Blood drips from my split knuckles onto the pristine surface below. I flex my fingers, feeling the sting of broken skin, the throb of what might be a fracture in my right hand. Worth it. Absolutely worth it for the satisfaction of feeling Jason Martinez’s face beneath my fist, for the sound of his head hitting the ice, for the momentary silencing of that poisonous mouth.
Coach stands on the bench, arms crossed, expression thunderous. My teammates watch from a distance—some concerned, others oddly impressed. The officials huddle around the replay monitor, determining my fate. Across the ice, Jason sits in the visitors’ penalty box, holding a towel to his bloodied face, Miami’s trainer attending to him.
None of it seems particularly real. Just images flickering at the edges of my consciousness while my mind keeps replaying everything Martinez threw my way.
Carter, your girl’s still got that thing she does with her tongue. Remember to thank me for teaching her that before you came along. Couldn’t resist when she begged for it in Seattle.
And.
That mouth of hers is still good for one thing, and it isn’t all that grammar bullshit. Didn’t take much to get her back where she belongs. On her knees, looking up at me.
Finally, the words that broke my control.

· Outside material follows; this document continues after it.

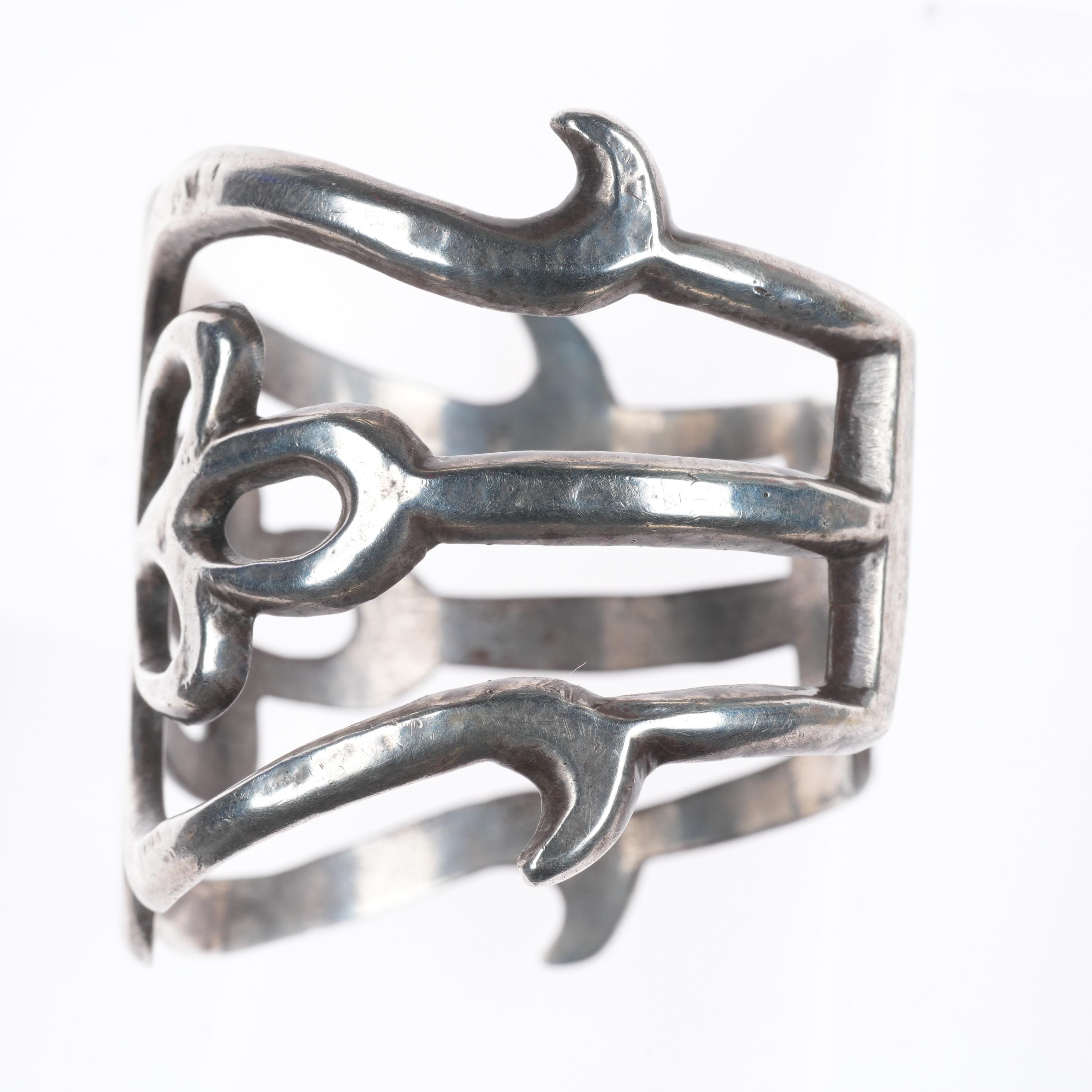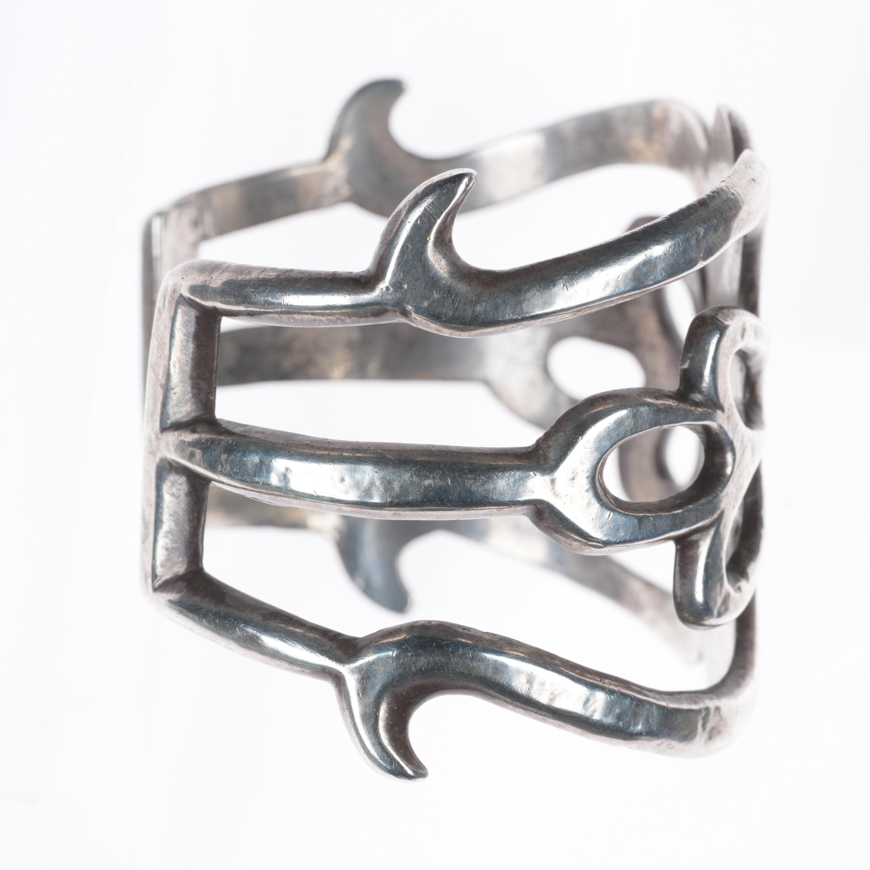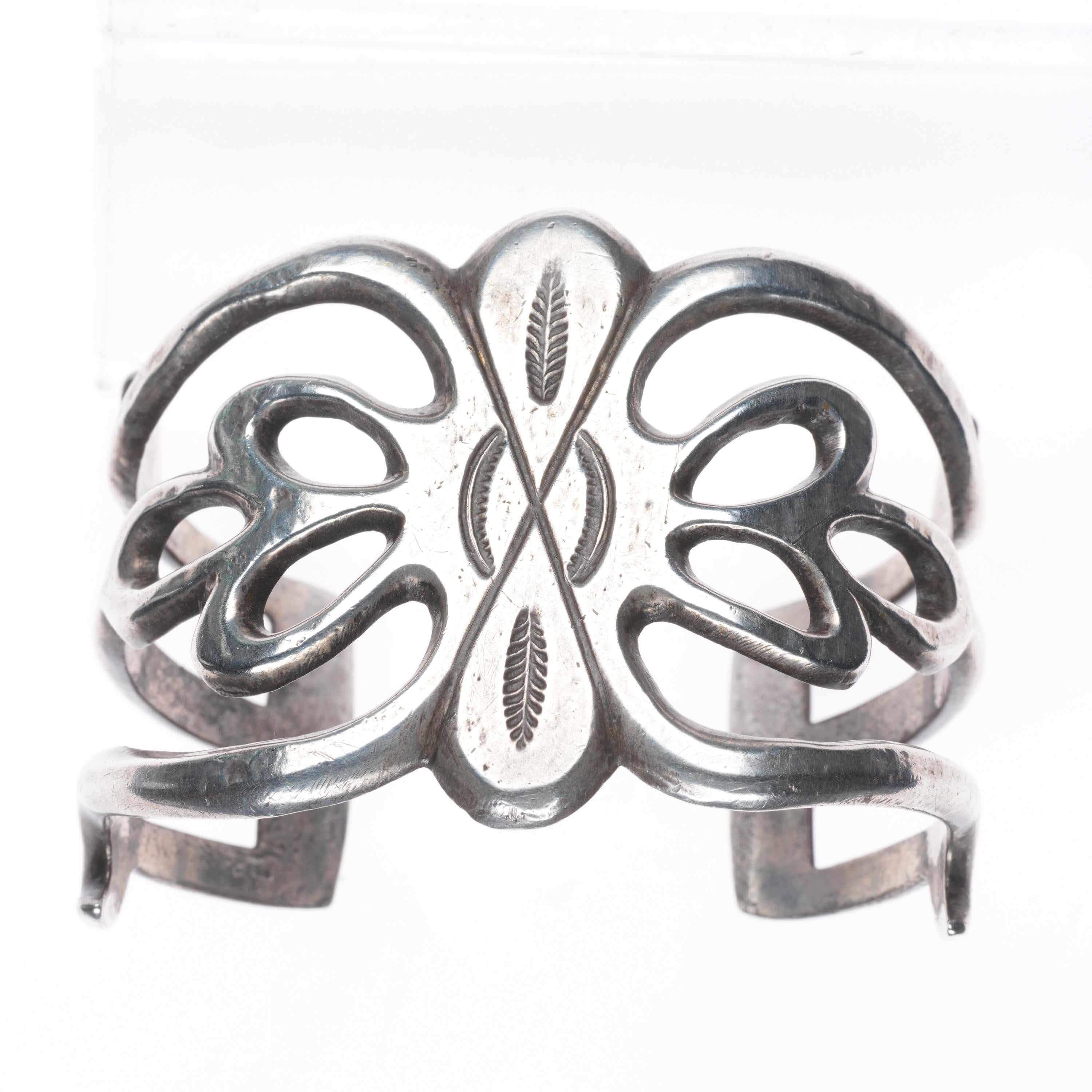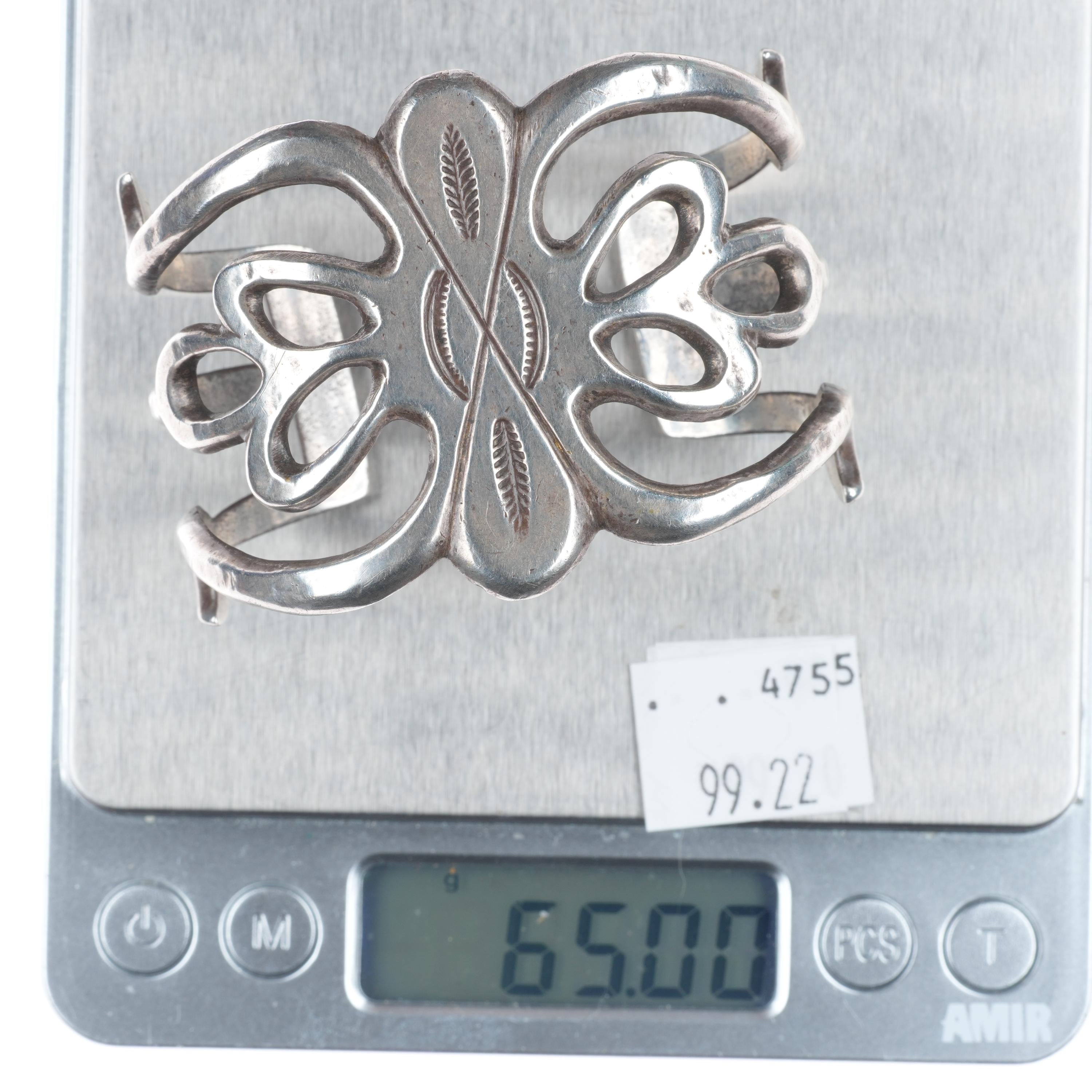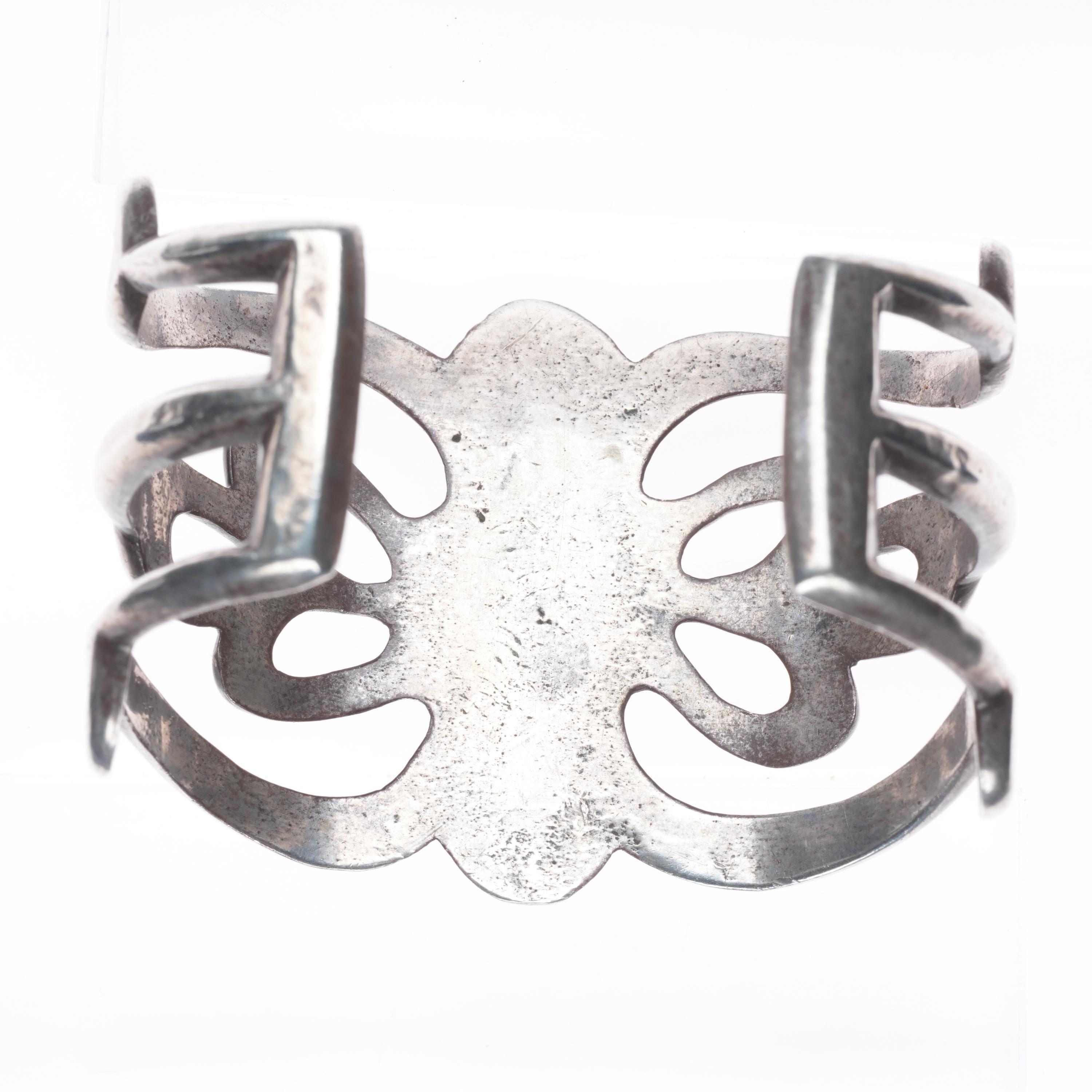 6.3" 30‘s-40‘s Navajo tufa cast sterling silver wide band cuff bracelet. Tested and guaranteed solid sterling silver with weight and measurements in pictures. Circa second quarter of the 20th century. Fits up to a 6.3" wrist.

Hey Carter, you know what’s funny? While you were playing in San Jose, I was playing between her legs. How’s it feel knowing every time you kiss her you’re tasting where I finished in Seattle? Always loved how desperate you second-string guys are for my leftovers.
They hit like a physical blow, each syllable a knife twisting in my gut. Time slowed to a crawl, the roar of the crowd fading to white noise.
How fucking dare he take my moments with Elliot and twist them. Everything between us had been raw, profound, sacred. Something I’d never experienced before her. Something I’d never even considered doing until that night, when her pleasure had become more important than anything else.
Three weeks of discipline, of channeling my heartbreak into hockey, of maintaining focus despite his constant targeting—all obliterated in the face of those words.
I’m not sorry. Should be, probably. Professional athletes are supposed to have thicker skin, supposed to let trash talk roll off like water. But some lines can’t be crossed. Some things can’t be forgiven.
The officials skate over, decision made. Game misconduct for both of us. Automatic suspension pending league review. I’m escorted down the tunnel while the crowd’s reaction washes over me in waves—boos for Jason, cheers for me, the general bloodlust of twenty thousand people who came for hockey and got a gladiatorial spectacle instead.
The locker room is empty when I arrive, the rest of the team still on the ice with five minutes left in a tied playoff game. The silence grows heavier, broken only by the methodical movements of the trainer examining my hand.
“Might be broken,” he says, probing my swollen knuckles. “Need X-rays to be sure.”
I nod, barely registering the pain. Physical discomfort is nothing compared to the hollow ache that’s been my constant companion since Elliot left for Seattle. Since she chose fear over us. Since she walked away from something that had barely begun but already felt more significant than anything I’d experienced before.
The locker room door bangs open, Coach entering with the fury of a brewing storm.
“What the hell was that?” he demands, voice deadly quiet. “After all our discussions about discipline. After all your promises to keep it professional.”
“He crossed a line,” I say simply.
“There are no lines in playoff hockey! Just points on the scoreboard!” Coach paces in front of me. “Whatever Martinez said, whatever bullshit he was spewing, you cost your team by taking the bait.”
I meet his gaze steadily. “Some things matter more than hockey.”
Coach stops pacing, studying me with narrowed eyes. “Elliot Waltman matters more? Is that it?”
“Yes.” No hesitation. No qualification.
He sighs, anger deflating into something more like exhaustion. “You’re looking at a suspension, Carter. Probably multiple games. Possibly the rest of the series depending on how the disciplinary committee feels.”
“I know.”
“And that doesn’t bother you? The fact that you’ve potentially cost us our playoff run because you couldn’t control your temper?”
It should bother me. Hockey has been the center of my life for as long as I can remember. The thing that defined me, shaped me, gave purpose to my days.
But in the weeks without Elliot—without her sharp wit, her careful smile, the quiet intensity she brings to everything—has clarified something I’d been slow to recognize: hockey isn’t enough anymore. Maybe it never was.
“I’m sorry I let the team down,” I say finally. “But I’m not sorry I hit him.”
Coach studies me for a long moment, then drops onto the bench beside me. “What did he say? Must have been pretty bad to make you snap like that.”